Figure 4.

Applying BioTIP to data of developing mesoderm identified four significant and reproducible CTSs. (A) Uniform manifold approximation and projection (umap) plot of 15.9k developing mesoderm cells (E8.25, GSE87038, published in 2019) colored and numbered by 19 clusters of transcriptionally similar cells (See Supplementary Figure S7a, b). Blue hollow arrows illustrate the knowledge-based pseudo-orders. ExE: extra-embryonic. (B) Similar to Figure 3b, showing the smooth scatter plot of 10.9k expressed genes. (C–E), Similar to Figure 2C–E. Each illustrates the results in 11 of 19 clusters that have module identifications. See Supplementary Figure S7d for stability. (F) Validating the four CTSs in independent profiles of 11 039 E8.25 cells of 16 pre-defined sub-cell types (published in 2018). Ic.shrinks of each CTS across these sub-cell types (line) were compared to their empirically simulated scores (box, 1000 runs).
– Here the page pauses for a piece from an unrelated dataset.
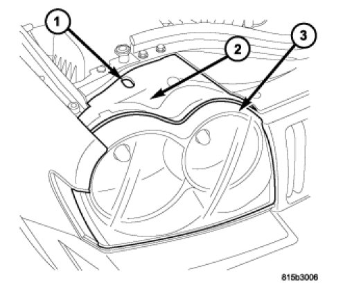 NOTE: Due to the linear nature of the headlamp cutoff, a properly aimed low beam headlamp will project the top edge of the high intensity pattern on the alignment screen from the horizontal line to 50 millimeters (2 inches) below the horizontal line for domestic market vehicles, or to 104 millimeters (4.125 inches) below the horizontal line for export market vehicles. No horizontal (right/left) adjustment is required for this headlamp beam pattern in domestic market vehicles. Export market vehicles have a second horizontal (right/left) adjustment screw provided, which is accessible through a clearance hole on the inboard side of the front lamp unit cover. The high beam pattern will be correct when the low beams are properly aimed.
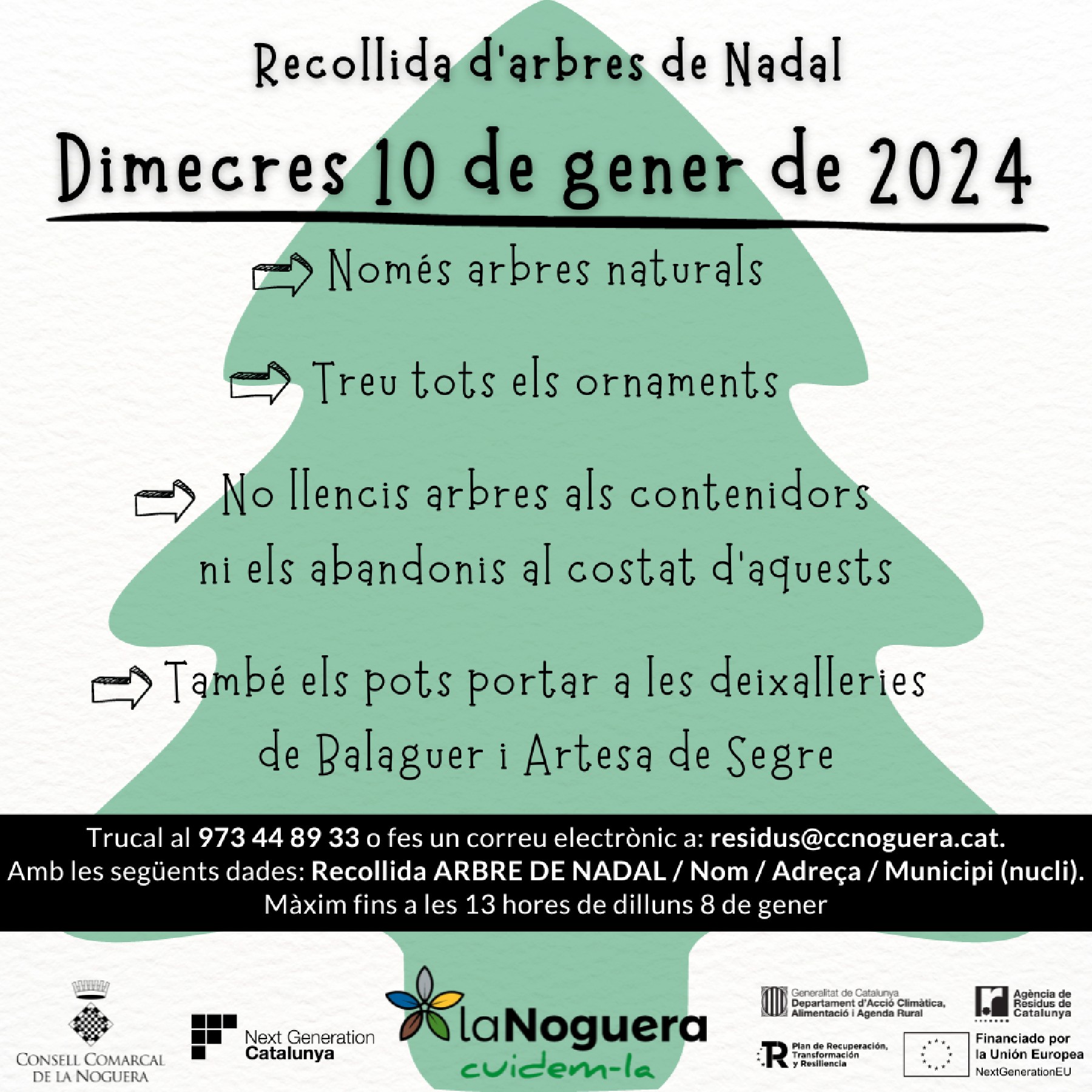 Nou servei de recollida dels arbres de Nadal passat festes. El dia 10 de gener es recolliran porta a porta prèvia sol·licitud

Calculation was conducted after mapping all CTS genes (n = 79, 60, 67, 90) to this profiling, extracting >98% of CTS genes (n = 79, 60, 65, 88, respectively) measured. The sub-cell type with the highest Ic.shrink is highlighted with a red dot, and the p-value for the Delta is shown. The red number on the x-axis indicates ‘CTS-mapped’ states of bifurcation. (G) Venn-diagram comparing the up-regulated biomarkers of each bifurcation state (in 2019 profiles) with the biomarkers of the mapped sub-cell types (in independent 2018 profiles). The numbers in the Venn count the up-regulated biomarkers (See Supplementary Figure S8). Circle color represents the four CTSs. Fisher's Exact tested P value. Some shared markers are displayed to the right. (H) Umap showing 2018 E8.25 cells, colored and indexed by 16 unique sub-cell types. Blue hollow arrows illustrate the knowledge-based pseudo-orders. Colored text indicates four CTS-mapped states of bifurcation.